Day 3 (Monday): As my lactose and other blood work had all gone back to normal, I was taken off IV fluids and switched over to pill forms of my two antibiotics, to see if I could stomach them without nausea (a common side effect of both). I had a real breakfast. (You know you live in the southwest when you get a deconstructed breakfast taco in the hospital.) I started feeling well enough to sit up a little and hold my phone for very short periods of time (still too weak for long, and I’d get dizzy if I scrolled at all). I noticed in the morning that my overnight nurse had accidentally written that my preferred name was Barbara on my board, because that had been my day nurse and was written right under my name on the previous room’s board. Ha!

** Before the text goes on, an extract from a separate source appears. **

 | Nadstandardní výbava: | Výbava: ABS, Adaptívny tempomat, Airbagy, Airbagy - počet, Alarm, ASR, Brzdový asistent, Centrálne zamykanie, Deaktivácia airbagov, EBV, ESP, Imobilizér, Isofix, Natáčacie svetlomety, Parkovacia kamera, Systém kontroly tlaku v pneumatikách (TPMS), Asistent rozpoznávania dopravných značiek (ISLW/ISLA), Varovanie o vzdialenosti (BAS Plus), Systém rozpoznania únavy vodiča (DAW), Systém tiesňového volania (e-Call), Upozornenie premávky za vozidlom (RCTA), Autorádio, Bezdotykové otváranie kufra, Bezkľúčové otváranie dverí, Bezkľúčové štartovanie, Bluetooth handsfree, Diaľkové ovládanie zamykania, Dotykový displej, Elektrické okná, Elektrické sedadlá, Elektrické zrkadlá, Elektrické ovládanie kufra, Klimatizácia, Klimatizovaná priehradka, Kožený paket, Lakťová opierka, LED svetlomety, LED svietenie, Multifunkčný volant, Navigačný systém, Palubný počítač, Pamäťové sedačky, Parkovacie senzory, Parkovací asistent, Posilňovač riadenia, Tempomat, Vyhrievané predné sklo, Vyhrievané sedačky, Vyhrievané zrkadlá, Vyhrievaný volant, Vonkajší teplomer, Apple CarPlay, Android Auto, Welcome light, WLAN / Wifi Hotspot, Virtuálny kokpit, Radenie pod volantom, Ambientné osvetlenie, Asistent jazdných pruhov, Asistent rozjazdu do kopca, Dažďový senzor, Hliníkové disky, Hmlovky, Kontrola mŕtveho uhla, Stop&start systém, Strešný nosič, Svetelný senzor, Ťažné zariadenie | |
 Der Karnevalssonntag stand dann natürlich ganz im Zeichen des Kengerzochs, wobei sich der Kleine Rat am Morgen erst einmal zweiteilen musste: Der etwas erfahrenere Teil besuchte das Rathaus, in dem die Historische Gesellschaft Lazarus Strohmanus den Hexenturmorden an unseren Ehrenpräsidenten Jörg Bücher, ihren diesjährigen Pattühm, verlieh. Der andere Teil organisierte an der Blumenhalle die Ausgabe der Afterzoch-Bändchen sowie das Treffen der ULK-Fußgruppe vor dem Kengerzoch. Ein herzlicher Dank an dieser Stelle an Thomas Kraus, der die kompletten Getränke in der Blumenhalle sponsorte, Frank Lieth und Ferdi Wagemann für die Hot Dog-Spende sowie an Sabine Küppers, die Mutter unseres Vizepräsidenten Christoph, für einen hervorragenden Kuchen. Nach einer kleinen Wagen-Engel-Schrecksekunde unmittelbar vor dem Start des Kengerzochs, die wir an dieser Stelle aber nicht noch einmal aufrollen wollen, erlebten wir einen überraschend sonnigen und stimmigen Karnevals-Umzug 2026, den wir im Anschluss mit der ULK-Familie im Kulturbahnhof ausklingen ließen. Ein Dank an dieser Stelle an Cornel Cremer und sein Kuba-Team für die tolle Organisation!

Day 4 (Tuesday): My bloodwork all came back normal, and my vitals were back to normal ranges as well. I tolerated the oral antibiotics fine and was able to eat normal food all the previous day (if at a slow rate), so YAY I was discharged around noon. I looked a right mess – I joked with my siblings that I had Bride of Boogedy hair – but hey, I had healthy color in my skin and I wasn’t waxy and deathly pale anymore! The nurses wheeled me out of the hospital via wheelchair, which made me extremely motion sick (!!!), and so I kept my eyes closed on the way home. (Turns out that dizziness and visual distortion are a common side effect of one of my meds. That explains why I can’t scroll for long on my phone, too. Essentially, I have horizontal vertigo. It’s like I’m wearing glasses with a slightly off prescription, so my eyes are constantly trying to adjust. So no driving for me for the next 10 days.)

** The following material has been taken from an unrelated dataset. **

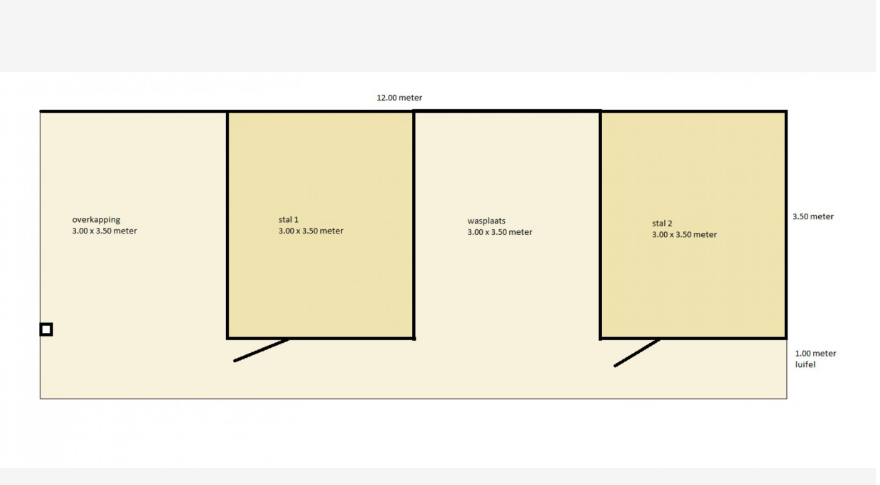2 stallen met wasplaats en overkapping 12.00 x 3.50 meter met 1.00 meter luifel

Now I’m home, I’m like 90% back to normal, feeling healthier than I’ve felt in weeks, so that’s great. Also: bonus of going into the hospital and being on clear liquids for 36 hours is that you don’t get any coffee, which means that I finally got the kick in the pants I needed to give the stuff up. Yeah, I had a caffeine withdrawal headache on top of every other thing, but I stayed strong and stuck with unsweetened iced tea with lemon to ease the headache. (I’m still not a fan of tea, but iced tea with lemon is actually better than I expected. I wouldn’t want to drink it forever, but it’ll do for now.) I’m now six days coffee-free! Hurrah! And now I just need to finish the ten days of antibiotics, get follow-up care from my doctor, be mindful of secondary issues (like intestinal abscesses or post-sepsis syndrome), and rebuild my gut flora without probiotics since I’m allergic to one of them (heh).
Y’all. I’m happy to be alive. I’m happy to feel better. I’m happy to be home in a better bed with a real shower and real clothes. I’m happy my boys were old enough to look after themselves and the house and the cats for four days and three nights. I look forward to getting my body moving again as soon as the vertigo goes away, and to improving my health in many different ways. All this sucked, but life is better now. I made it through to the other side.